Locate, in the data below, the line that contains "Набір дитячого силіконового" and the line that contains "Cyfres gomedi newydd"; reproduce exactly those two lines and every line between them, nothing more.

The input >>
★ ★ ★ ★ ★
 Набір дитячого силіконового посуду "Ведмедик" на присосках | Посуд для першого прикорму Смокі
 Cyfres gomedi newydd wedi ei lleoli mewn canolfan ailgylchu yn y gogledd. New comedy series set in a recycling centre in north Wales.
★ ★ ★ ★ ★
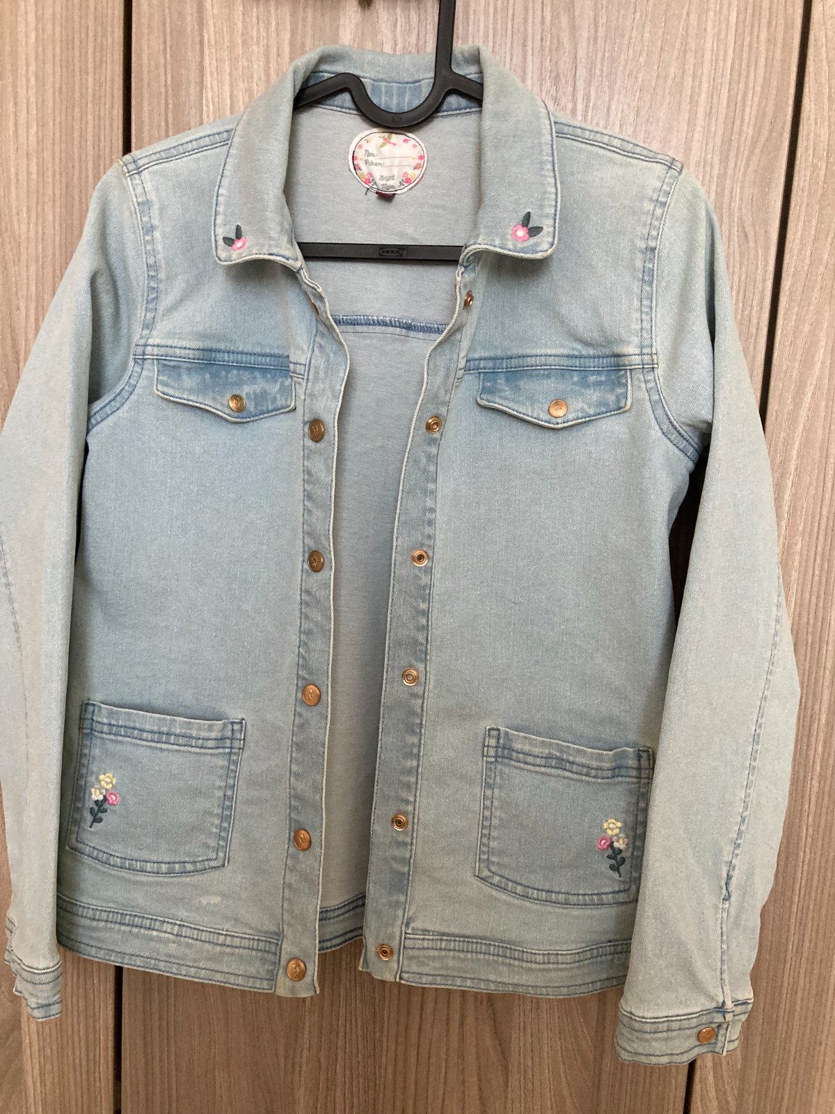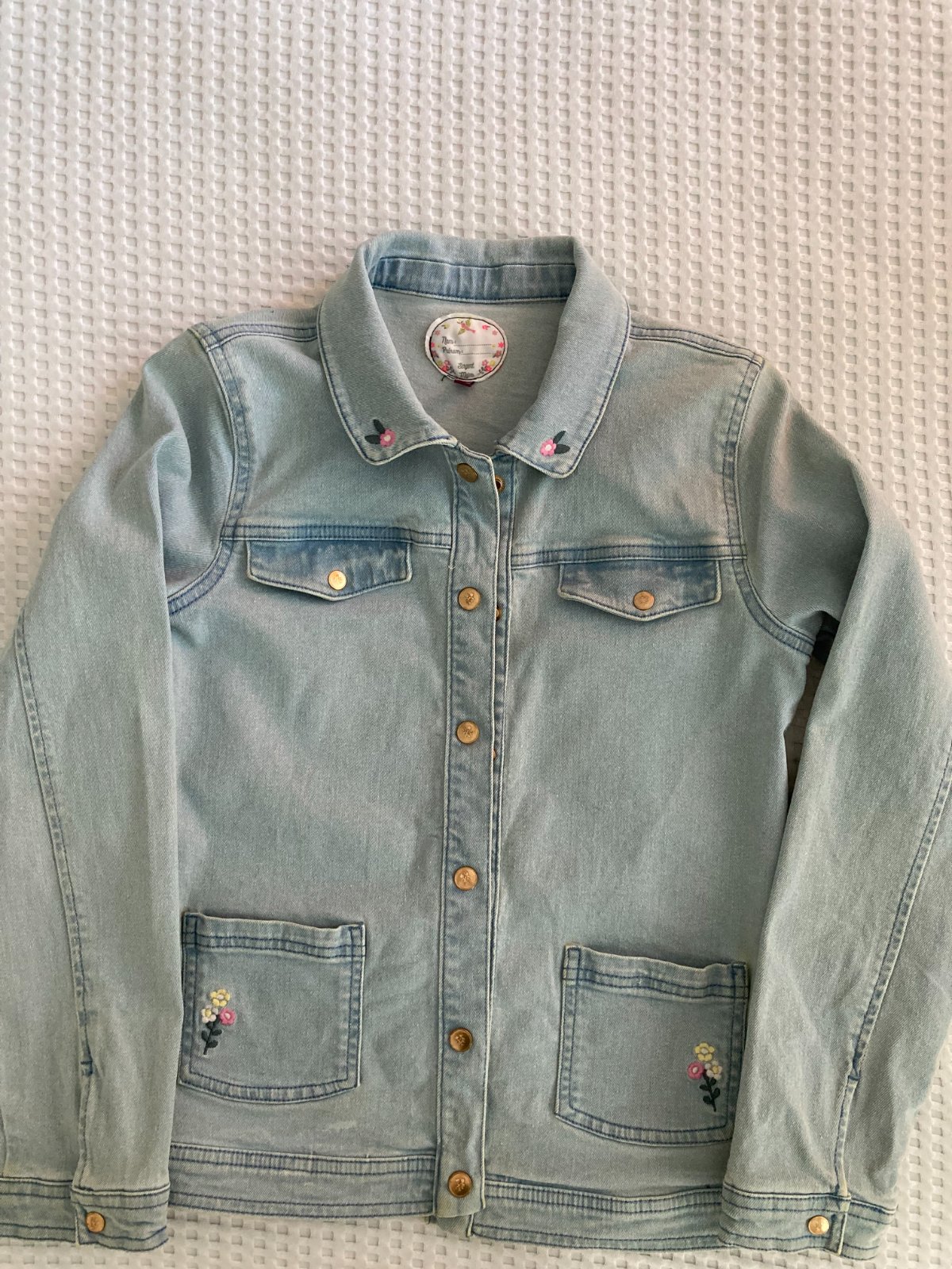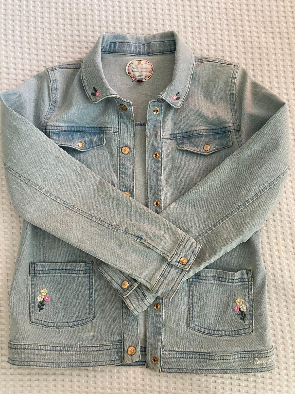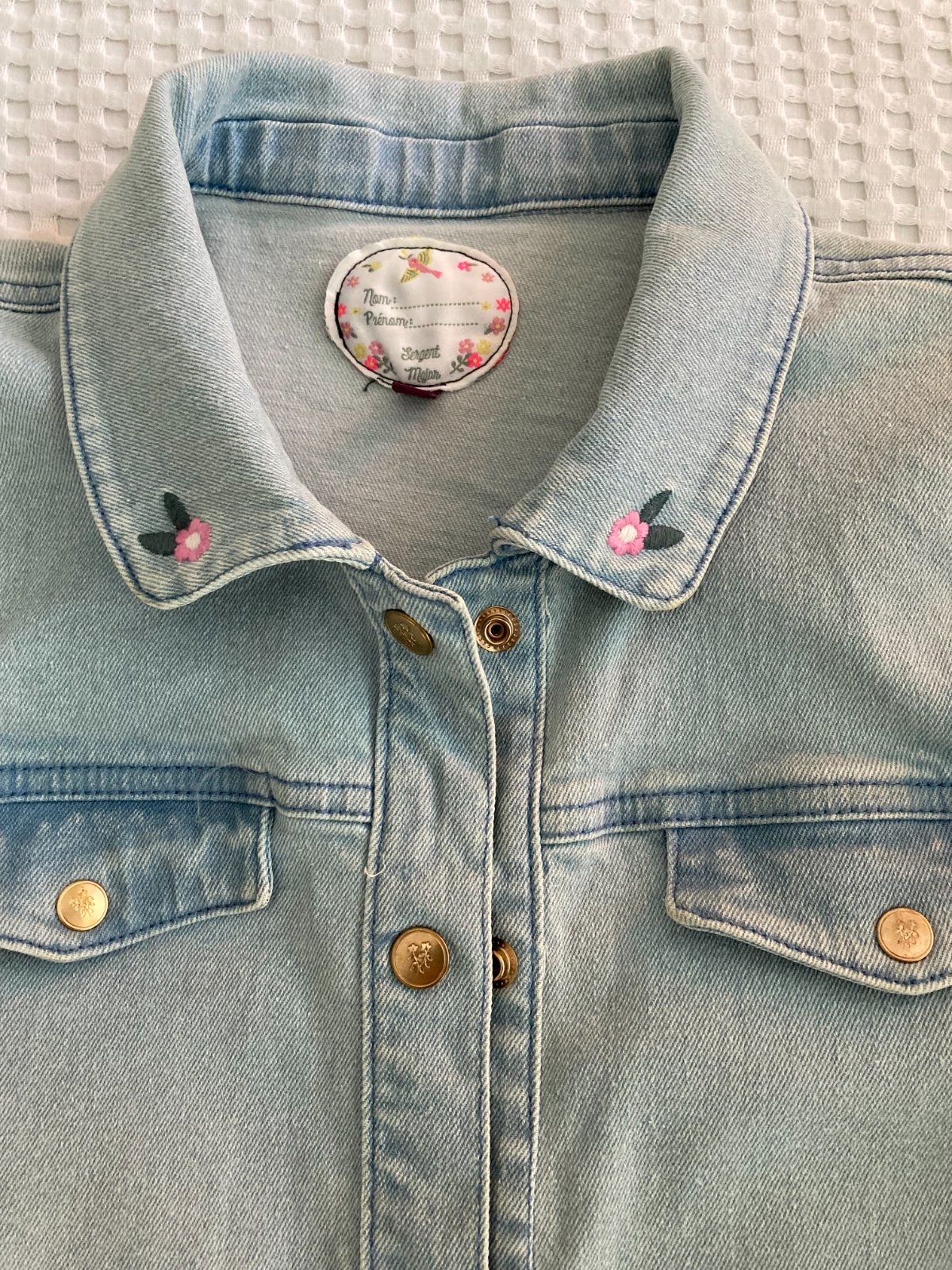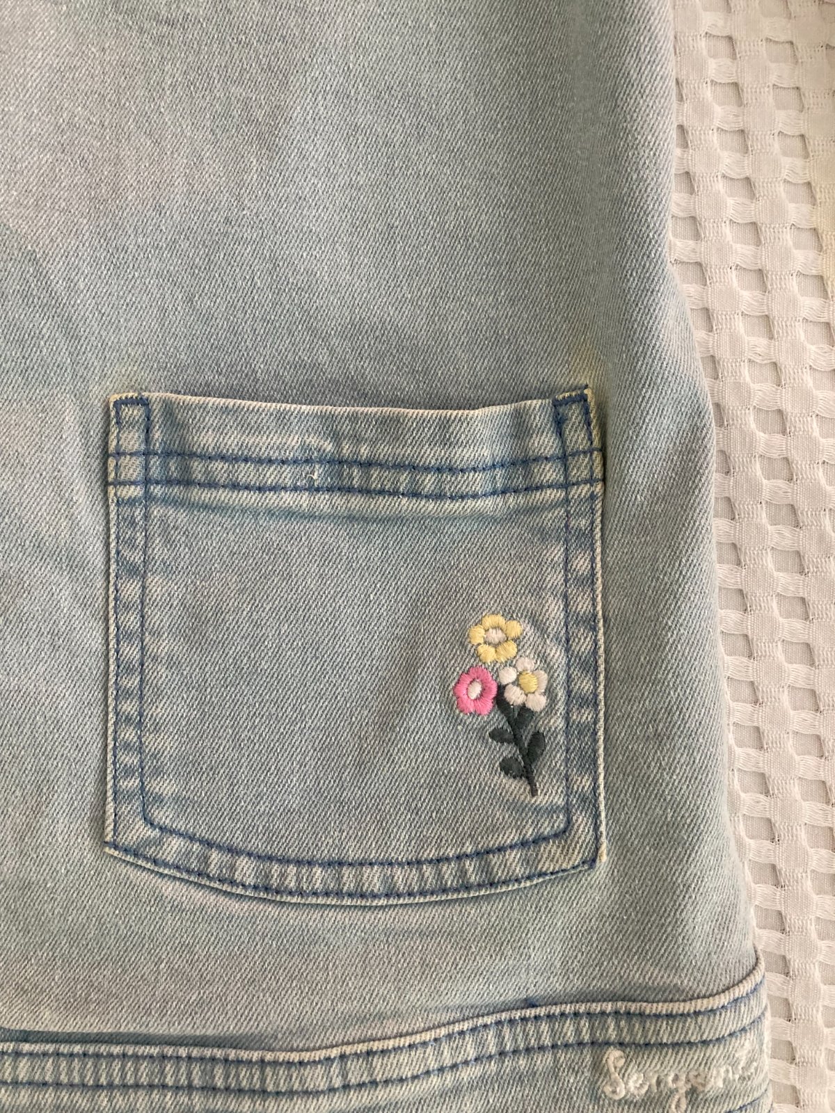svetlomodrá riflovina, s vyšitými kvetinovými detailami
★ ★ ★ ★ ★
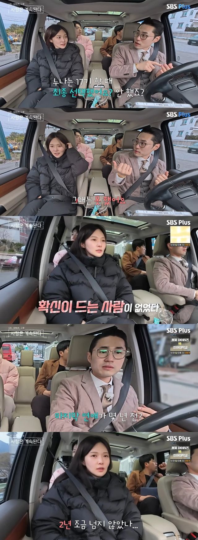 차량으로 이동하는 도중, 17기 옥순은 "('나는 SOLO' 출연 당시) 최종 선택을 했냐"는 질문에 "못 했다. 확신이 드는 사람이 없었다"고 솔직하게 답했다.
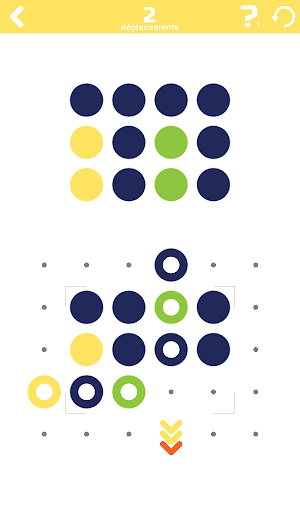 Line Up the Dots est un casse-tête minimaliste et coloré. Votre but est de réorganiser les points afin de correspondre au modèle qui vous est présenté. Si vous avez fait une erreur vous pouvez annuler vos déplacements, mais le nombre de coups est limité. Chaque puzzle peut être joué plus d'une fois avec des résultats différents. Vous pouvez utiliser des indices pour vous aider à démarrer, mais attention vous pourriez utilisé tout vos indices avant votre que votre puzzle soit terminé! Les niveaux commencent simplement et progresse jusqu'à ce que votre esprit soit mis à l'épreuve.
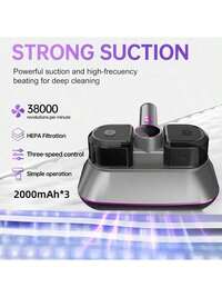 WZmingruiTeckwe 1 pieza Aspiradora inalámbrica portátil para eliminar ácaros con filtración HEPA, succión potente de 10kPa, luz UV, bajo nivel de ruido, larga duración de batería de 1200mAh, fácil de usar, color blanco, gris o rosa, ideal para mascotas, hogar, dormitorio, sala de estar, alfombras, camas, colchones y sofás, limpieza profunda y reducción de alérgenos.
★ ★ ★ ★ ★
Answer space >>
 Набір дитячого силіконового посуду "Ведмедик" на присосках | Посуд для першого прикорму Смокі
 Cyfres gomedi newydd wedi ei lleoli mewn canolfan ailgylchu yn y gogledd. New comedy series set in a recycling centre in north Wales.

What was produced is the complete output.